Forfeiture of Shares
The directors may forfeit the shares of a member and the power can only be exercised for non-payment of a call or an instalment; otherwise a forfeiture will amount to a reduction of capital contrary to section 105. Section 140(1) provides that if a member fails to pay any call or instalment of a call on the day appointed for payment, the directors may at any time while any part of the call or instalment remains unpaid, serve a notice on him requiring him to pay up such sum together with any accrued interest. The notice will give a date within which the payment must be made and state that unless it is done, the shares will be forfeited. If the request is not complied with, the directors may forfeit the shares by a resolution.
A power of forfeiture is in the nature of a trust and must be exercised in the interest of the company and so where shares were forfeited to relieve shareholders of their liability as to their director’s qualification, the forfeiture was held invalid. A forfeited share may be sold or otherwise disposed of as the directors may deem fit, but the forfeiture may be cancelled at any time before disposition.Once a person’s shares have been forfeited, he ceases to be a member of the company in respect of those shares, but he remains liable to pay any outstanding liability on them.
The time when forfeiture is completed is a question of fact depending on the articles.
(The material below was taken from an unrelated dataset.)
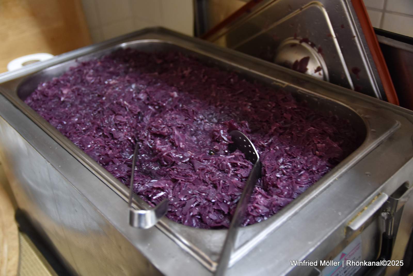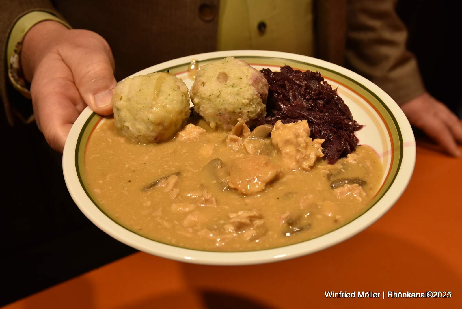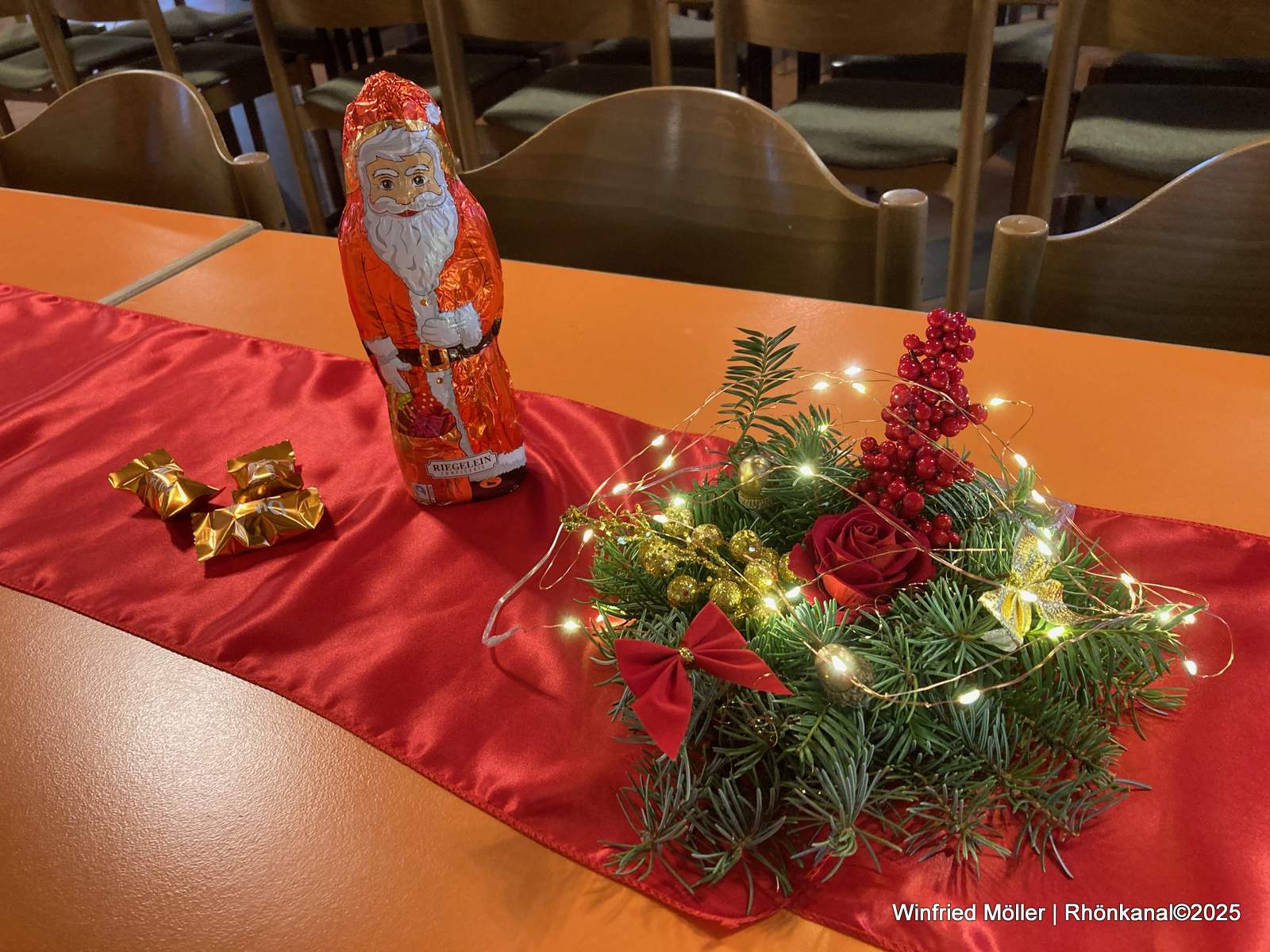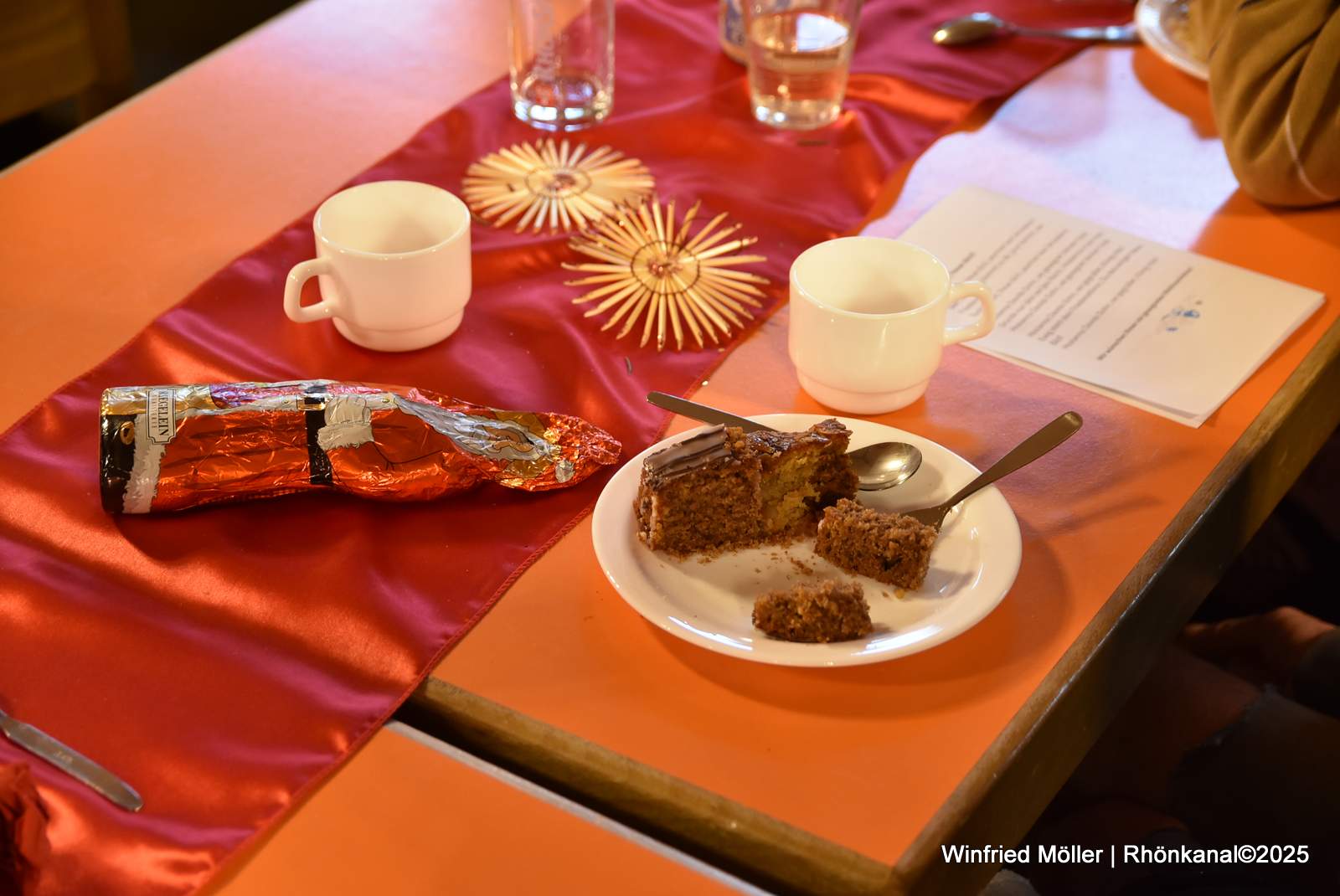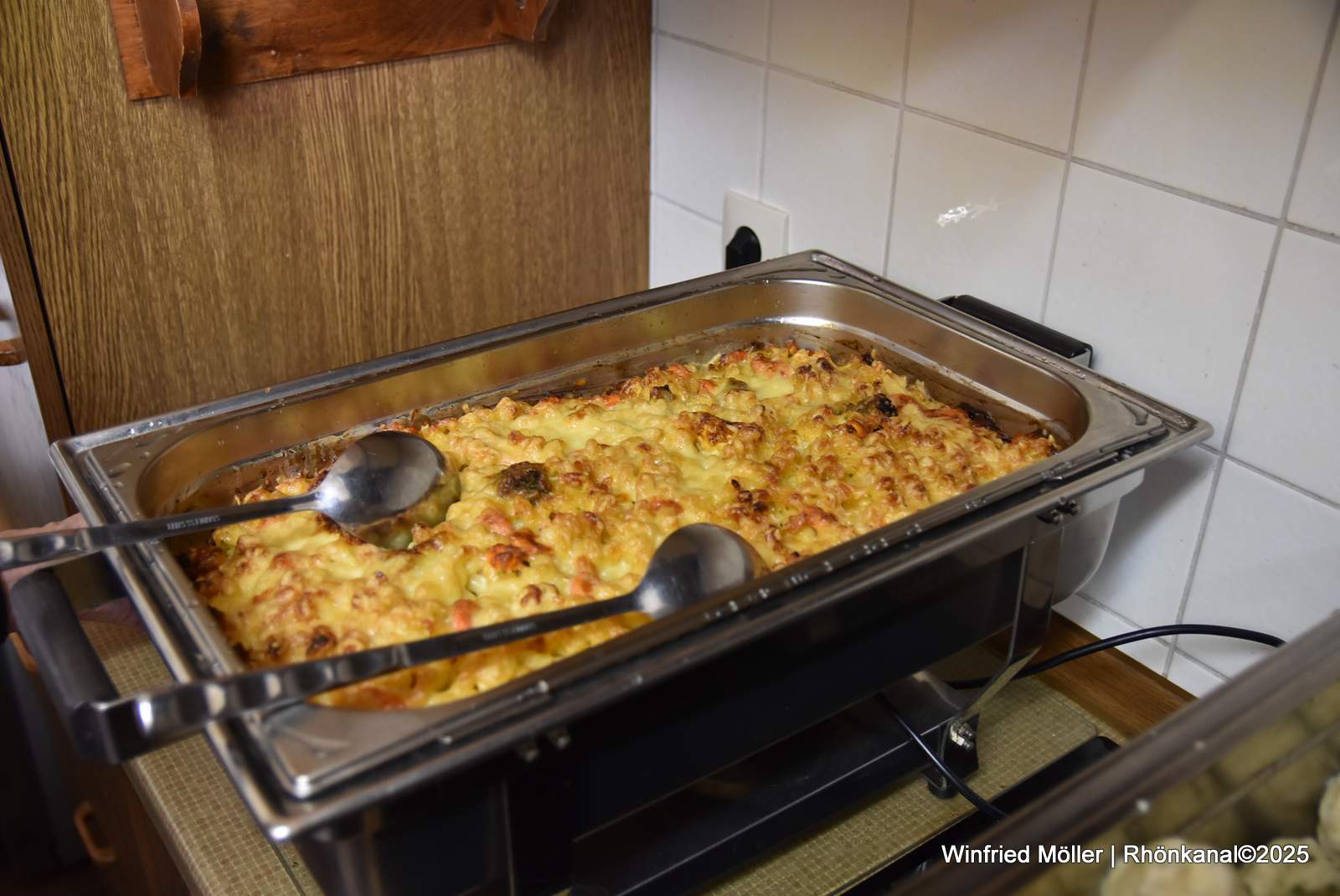 Die Heiligabendfeier begann mit dem festlichen Mittagessen. Es gab Hähnchengulasch mit Klösen und Rotkraut, sowie ein vegetarisches Gericht. Beides hatte die Firma Schneider, wie alljährlich, geliefert.

Thus, where the articles provide that upon payment of calls or upon default in doing any act, shares ‘shall become absolutely forfeited to the company,’ the default does not operate as a forfeiture as a forfeiture ipso facto, but only at the option of the directors.
Effect of Forfeiture; When shares are forfeited, they become the property of the company and may be sold, re-issued or otherwise disposed of as the directors think fit and, before the sale or disposition, the forfeiture may be cancelled but this cannot be done without the consent of the person whose shares were forfeited.When forfeited shares are sold, the purchaser is liable for future liability.